#### [What you have to do]
Every line below needs to be printed again exactly, without any of its pictures.
(Beginning of Given data)
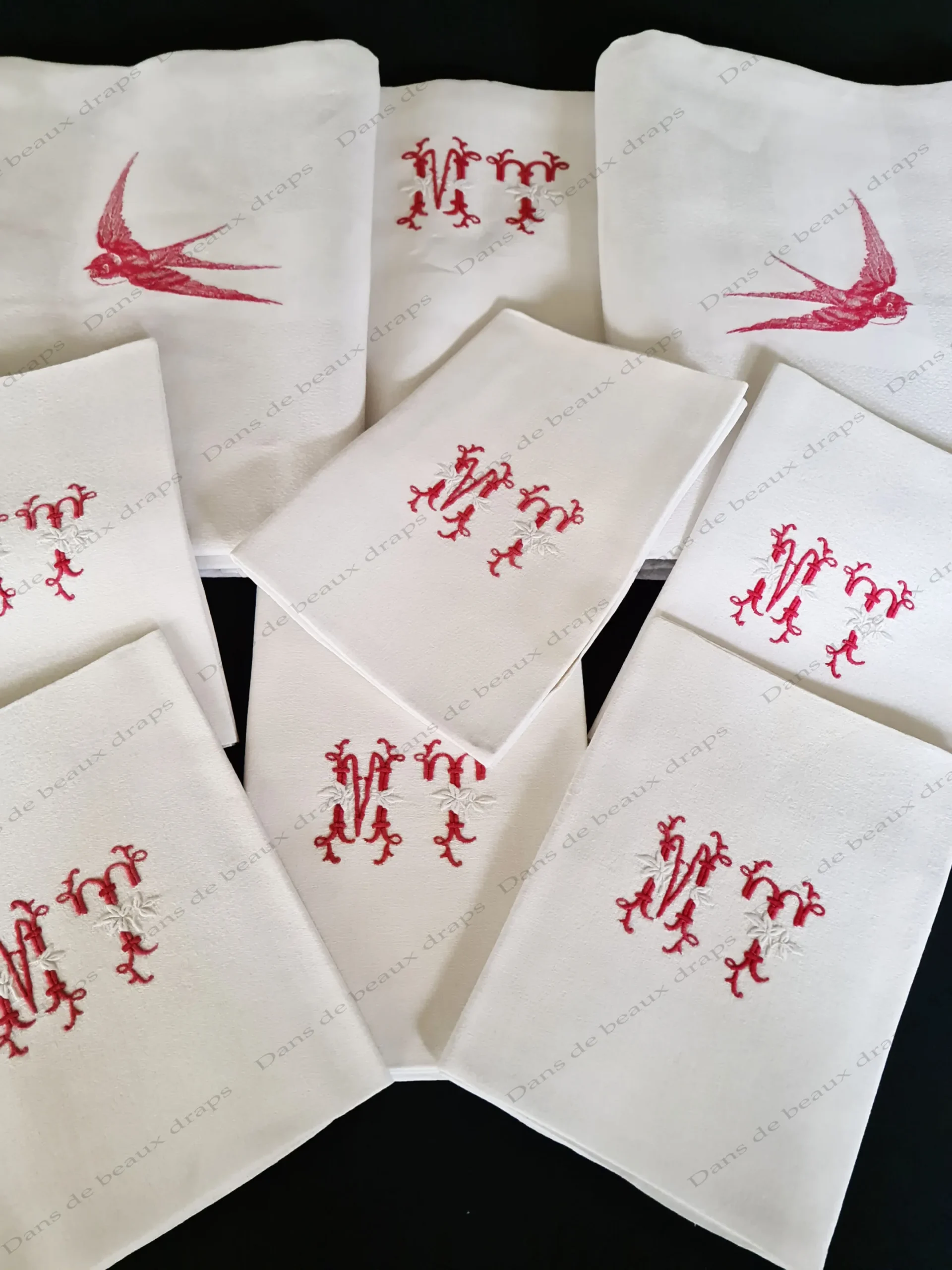Soyez le premier à laisser votre avis sur “Suite de 6 très belles serviettes en damassé de lin monogramme MT.”
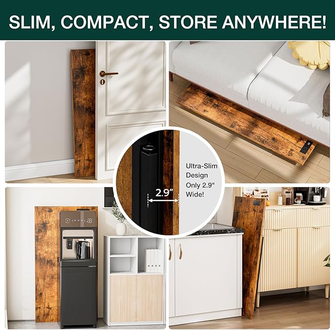 • 👍𝗨𝗟𝗧𝗥𝗔-𝗦𝗟𝗜𝗠, 𝗦𝗣𝗔𝗖𝗘-𝗦𝗔𝗩𝗜𝗡𝗚 𝗦𝗧𝗢𝗥𝗔𝗚𝗘 — When folded, the desk is just 2.9" thick—easily stored behind doors, under beds, or in closets. Lightweight and portable, it’s perfect for compact living areas or anyone needing a foldable table that’s easy to move
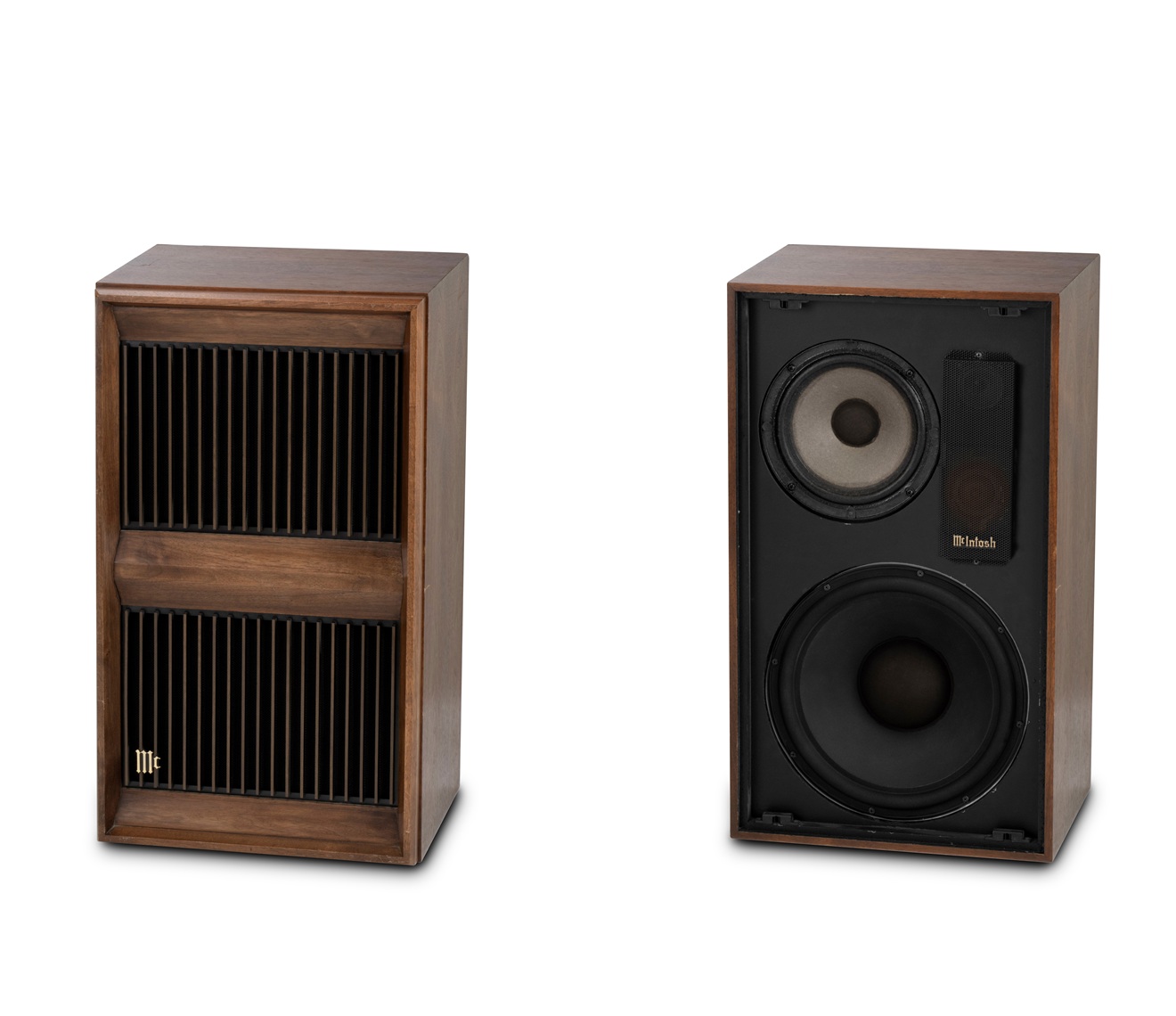 ML1ブックシェルフ・スピーカーは、McIntoshが初めて製造したスピーカーでした。1970年に発表され、ミッドセンチュリー・モダンデザインのスタイルを纏い、大音量出力と優れた低音再生能力を備え、特に外部イコライザーと組み合わせた場合に驚異的なサウンドクオリティを実現しました。
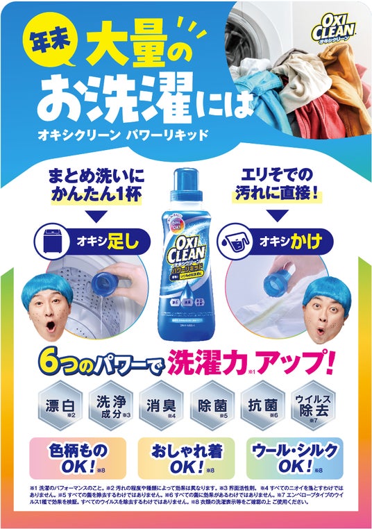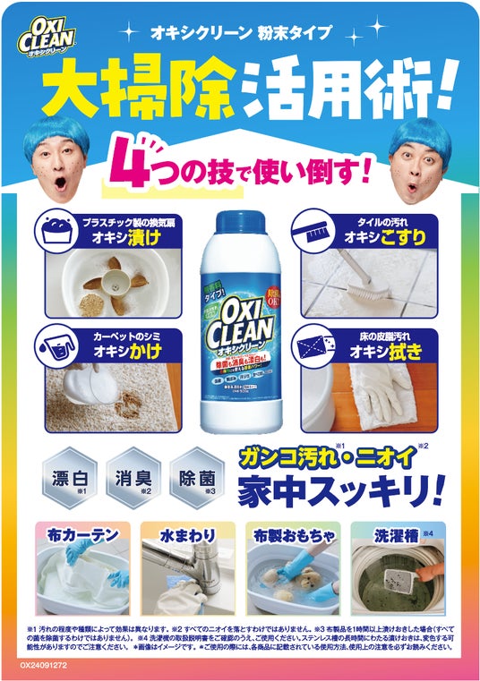 年末の大掃除に向けて、衣類の洗濯だけでなく、キッチン・浴室・リビングなど家中さまざまな掃除に使うことができる『オキシクリーン』。新ビジュアルは、イメージキャラクターのチョコレートプラネットさんを代表するネタである「TT兄弟」をオマージュした「OO兄弟」が登場します。オキシクリーン(OXICLEAN)の「O」がプリントされたTシャツと鮮やかなブルーのウィッグでオキシクリーンのイメージを体現し、家中で使えるオキシクリーンの様々なお掃除ワザを「OOポーズ」で見つけていきます。
(End of Given data)
#### [Exercise result]
Soyez le premier à laisser votre avis sur “Suite de 6 très belles serviettes en damassé de lin monogramme MT.”
 • 👍𝗨𝗟𝗧𝗥𝗔-𝗦𝗟𝗜𝗠, 𝗦𝗣𝗔𝗖𝗘-𝗦𝗔𝗩𝗜𝗡𝗚 𝗦𝗧𝗢𝗥𝗔𝗚𝗘 — When folded, the desk is just 2.9" thick—easily stored behind doors, under beds, or in closets. Lightweight and portable, it’s perfect for compact living areas or anyone needing a foldable table that’s easy to move
 ML1ブックシェルフ・スピーカーは、McIntoshが初めて製造したスピーカーでした。1970年に発表され、ミッドセンチュリー・モダンデザインのスタイルを纏い、大音量出力と優れた低音再生能力を備え、特に外部イコライザーと組み合わせた場合に驚異的なサウンドクオリティを実現しました。
 年末の大掃除に向けて、衣類の洗濯だけでなく、キッチン・浴室・リビングなど家中さまざまな掃除に使うことができる『オキシクリーン』。新ビジュアルは、イメージキャラクターのチョコレートプラネットさんを代表するネタである「TT兄弟」をオマージュした「OO兄弟」が登場します。オキシクリーン(OXICLEAN)の「O」がプリントされたTシャツと鮮やかなブルーのウィッグでオキシクリーンのイメージを体現し、家中で使えるオキシクリーンの様々なお掃除ワザを「OOポーズ」で見つけていきます。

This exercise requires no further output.